Principes théoriques

Principes

Ses « principes et croyances » sont une sémantique très particulière pour désigner ce qu'on qualifie dans le langage courant de « protocole médical » et « théorie scientifique ». La kinésiologie appliquée se base sur des amalgames et des inexactitudes du point de vue physiologique, neurologique et pratique. Son postulat de départ est un des grands classiques vitalistes : le corps serait traversé d'un flux d'énergie curative, et les maladies seraient causées par l'entravement de ce flux[2].

Méthode

La kinésiologie appliquée utilise le test musculaire qui, par l'évaluation directe du degré du tonus musculaire, permettrait de positionner d'un point de vue psycho-énergétique la personne par rapport aux objectifs réels visés et formulés par elle. Les objectifs de séance sont divers : je suis à l'aise avec telle personne, je peux parler en public, j'ai une bonne image, je pardonne à (...), j'ai une bonne estime de moi, etc. Des tests musculaires interrogent le corps à la recherche de blocages ; les réponses s'interprètent à l'aide de grilles de lecture, qui permettent de lever les blocages.

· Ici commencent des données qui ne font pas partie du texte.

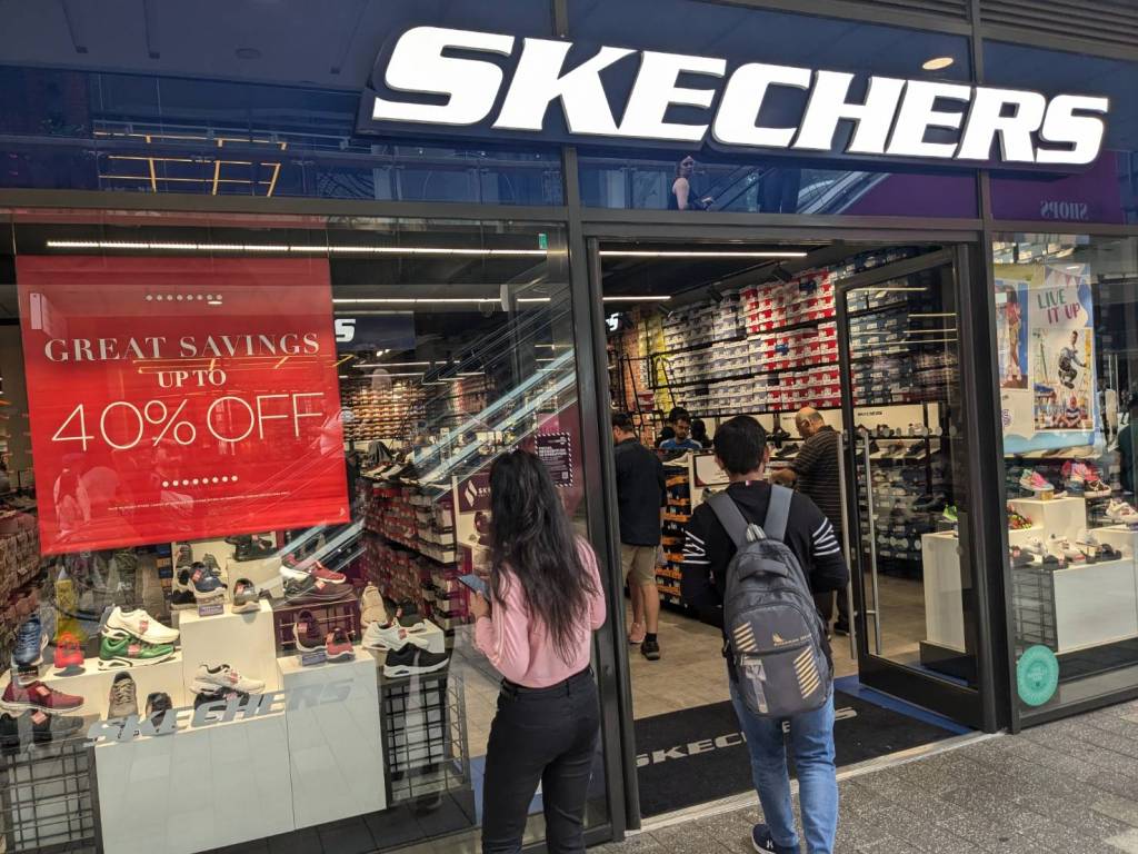 小孩子們喜歡看鞋子,他們看了「Adidas」、「Skechers」,現在過馬路要去看「Nike」。
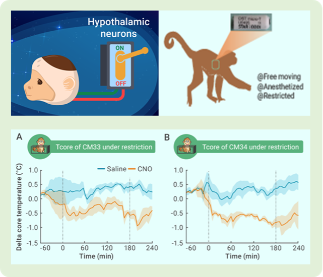 该研究利用化学遗传学手段,顺利获得操控下丘脑兴奋性神经元,首次实现了灵长类动物的可靠体温调节。该研究还探索了灵长类体温调节中枢的功能以及神经网络连接,为潜在的临床转化和空间应用给予理论和实验支撑。
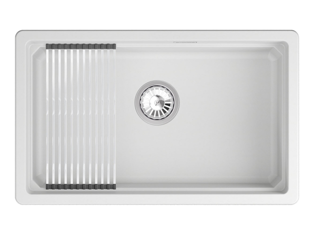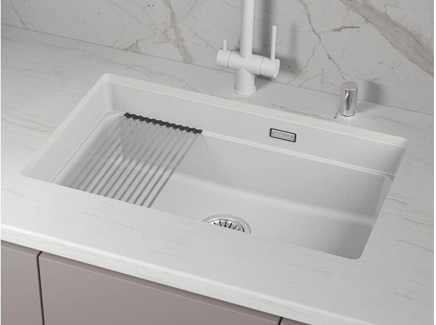 Врезная мойка Гранула 7303 станет незаменимым помощником на современной кухне. Вытянутая прямоугольная форма позволяет легко справляться с большим объемом посуды. Плотный композитный кварц обеспечивает защиту от мелких повреждений и долгую комфортную эксплуатацию. Ролл-мат и дозатор добавляют удобства и стильных акцентов.
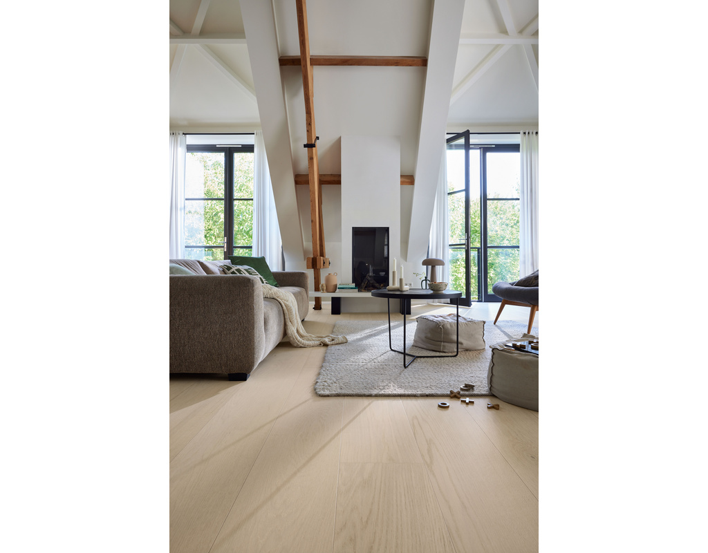 Mit seinem Schlossdielenformat kommt der Lindura-Holzboden besonders in großen Räumen perfekt zur Geltung. Der besondere Produktaufbau macht Lindura extrem strapazierfähig und somit auch für viel genutzte Wohnbereiche oder auch Gewerberäume zur gelungenen Bodenlösung. Durch das ultramattlackierte Finish, das jede einzelne Pore benetzt, wirken die Dielen nicht nur extra edel und natürlich, sondern werden auch besonders pflegeleicht, fleckenunempfindlich und resistent gegen Mikrokratzer (kleine Kratzer in der Lackoberfläche, die nicht bis zur Echtholzdeckschicht durchdringen).
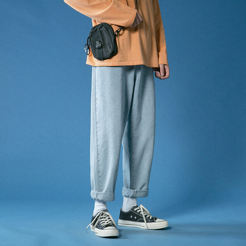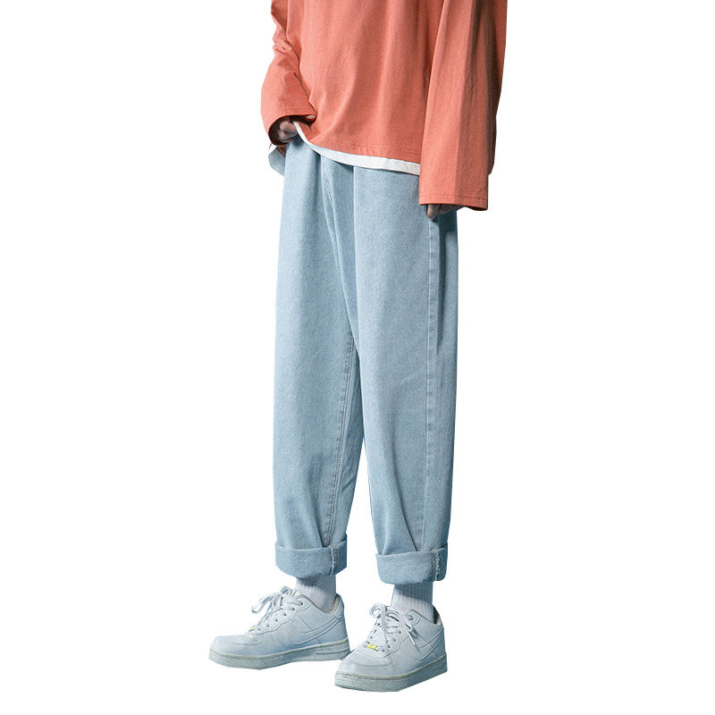 Синие демисезонные джинсы, трендовые брендовые универсальные штаны, осенние, свободный прямой крой
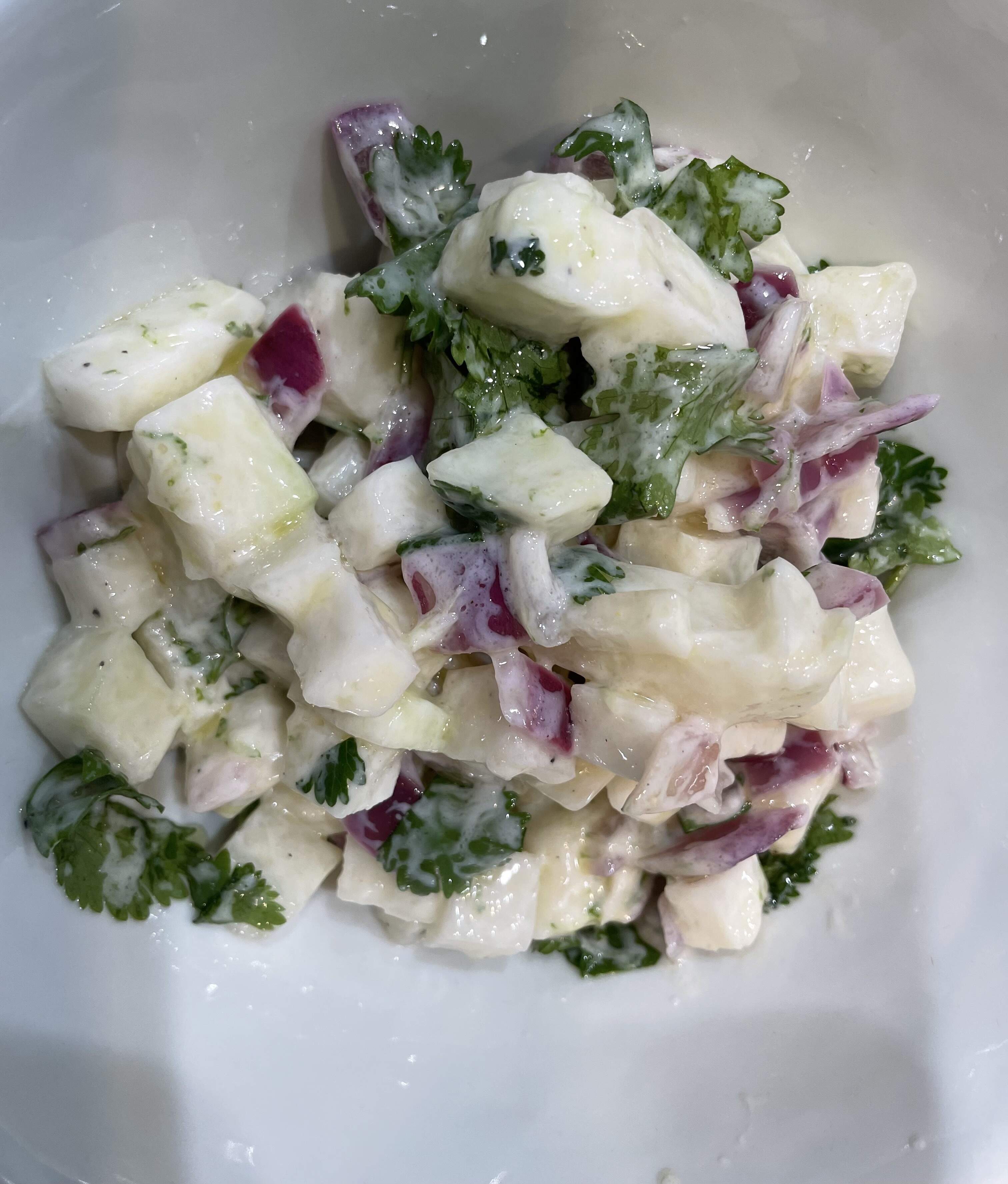 Indian-Inspired Cottage Pie - sugo is cooked with ground beef, onions, garlic, ginger, cardamom, coriander, chili, cumin, garam masala, diced tomatoes, tomato paste and beef broth. Mashed potatoes are made with russet potatoes, egg yolks, butter and milk. Baked in the oven for 30 minutes. Served with a salad made with kohlrabi, red onions and cilantro and a vinaigrette with olive oil, yogurt, lime juice and zest
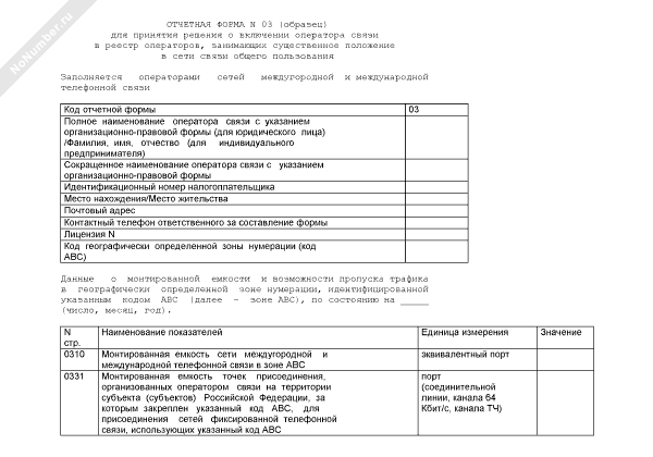Отчетная форма для принятия решения о включении оператора связи в реестр операторов, занимающих существенное положение в сети связи общего пользования. Форма № 03 (рекомендуемый образец заполнения)
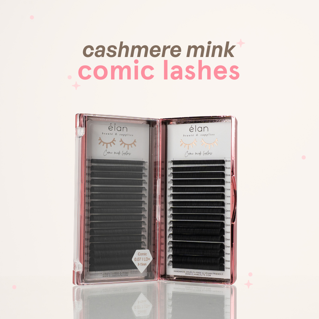 Create manhua, wispy, and wet lash sets with ease like never before! Featuring 3 different lengths in each row, Cashmere Mink Comic lash trays create a naturally tapered look for multi-dimensional, textured sets without the hassle. Made with PBT fibers for a cashmere finish, Comic Lashes are artist approved for creating stunning, soft, and voluminous lash extensions looks and comfort for your clients for long lasting results.
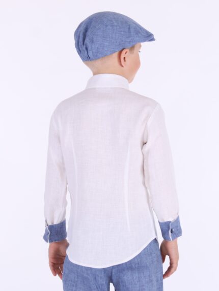 Valge triiksärk, tumesiniste ornamendidetailidega
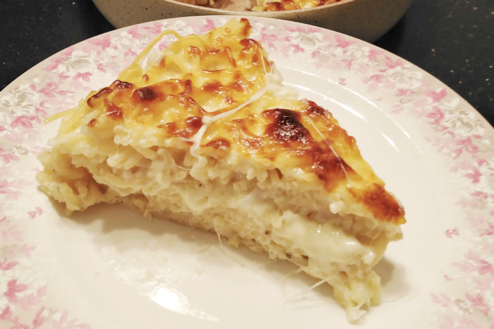 Üzerine kalın dilimlenmiş lisan peynirini yerleştiriyoruz. Kalan makarnayı ekliyoruz. Beşamel sosun kalanını da üzerine döküyoruz.
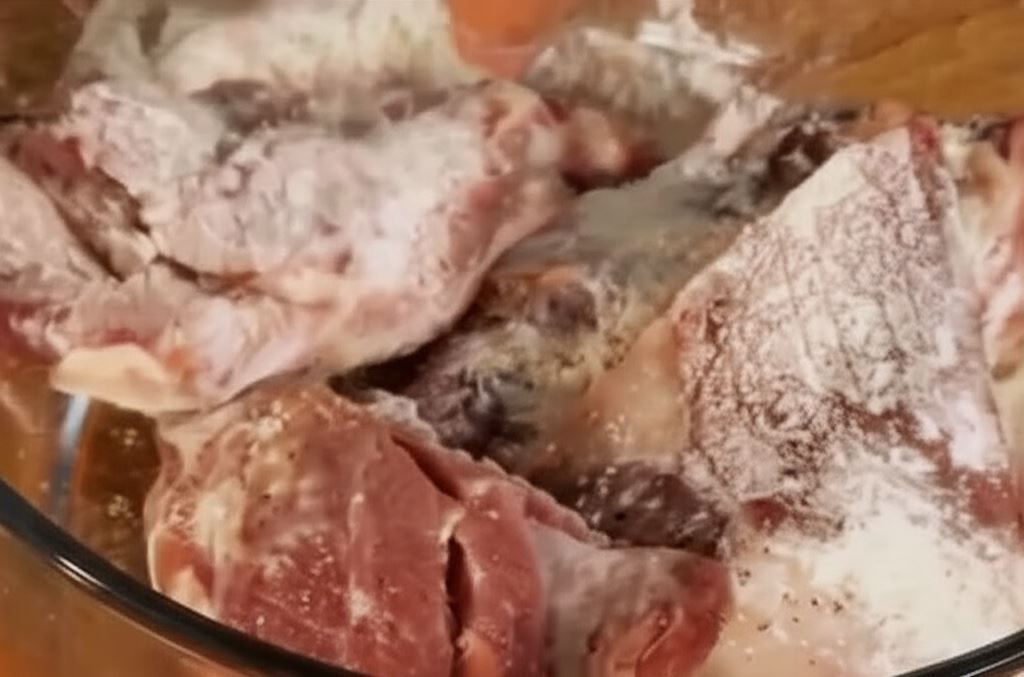 Podzielone na kawałki żeberka posyp solą i pieprzem oraz mąką, następnie wymieszaj.
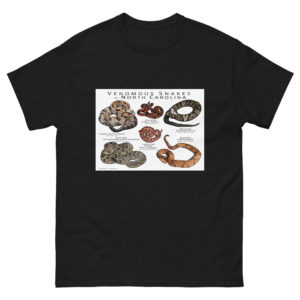 There are six species of venomous snakes found in the state of North Carolina in the US. While these snakes might have fearsome reputations, on average only few people in die each year in the United States from snake bites. This artwork features fine art illustrations of the all venomous snake species native to North Carolina printed in a high-quality men's cotton t-shirt.

Les types de blocages sont divers : émotions, barrières, lignes, traits du visage en déni ou à connaître, sabotages, etc.

Le but est de réduire la charge et le stress et de vivre de façon plus équilibrée. Le kinésiologue peut être amené à suggérer des changements de mode de vie. Il doit également maîtriser les lois du principe d’adaptation[pas clair]. Il prend garde de toute attitude pouvant être assimilée à un exercice illégal de la médecine. L'organisme français dit Syndicat national de la kinésiologie[3] publie un code de déontologie[4] qui précise les devoirs et obligations du kinésiologue dans sa pratique quotidienne.

Spécialisation de la kinésiologie appliquée

Kinésiologie appliquée

Méthode inter-disciplinaire de diagnostic et de guidage des soins des patients, en usage chez certains chiropraticiens et certains dentistes, fondée sur la synthèse de plusieurs techniques dont des éléments de médecine chinoise. « La kinésiologie appliquée (KA) est l'utilisation thérapeutique des mouvements du corps. Le test musculaire, quoique controversé car jamais démontré, est un outil important de la méthode. La kinésiologie appliquée a été créée en 1964 par George J. Goodheart, Jr., DC. »[réf. nécessaire].

Concepts 3 en 1

Les concepts 3 en 1[5] (aussi appelés méthode One Brain, ou système One Brain), une méthode de gestion du stress développée par Gordon Stokes et Daniel Whiteside, proposent, outre le test musculaire de la kinésiologie spécialisée, un ensemble de techniques de gestion du stress, des éléments de morphopsychologie et une classification originale des émotions appelée « baromètre du comportement ». Guidée par ce baromètre, ainsi que par les traits du visage et le test musculaire, la méthode prétend retrouver l'âge exact et l'émotion douloureuse à l'origine d'un stress présent. Il n'existe pas de publication scientifique démontrant cette prétention.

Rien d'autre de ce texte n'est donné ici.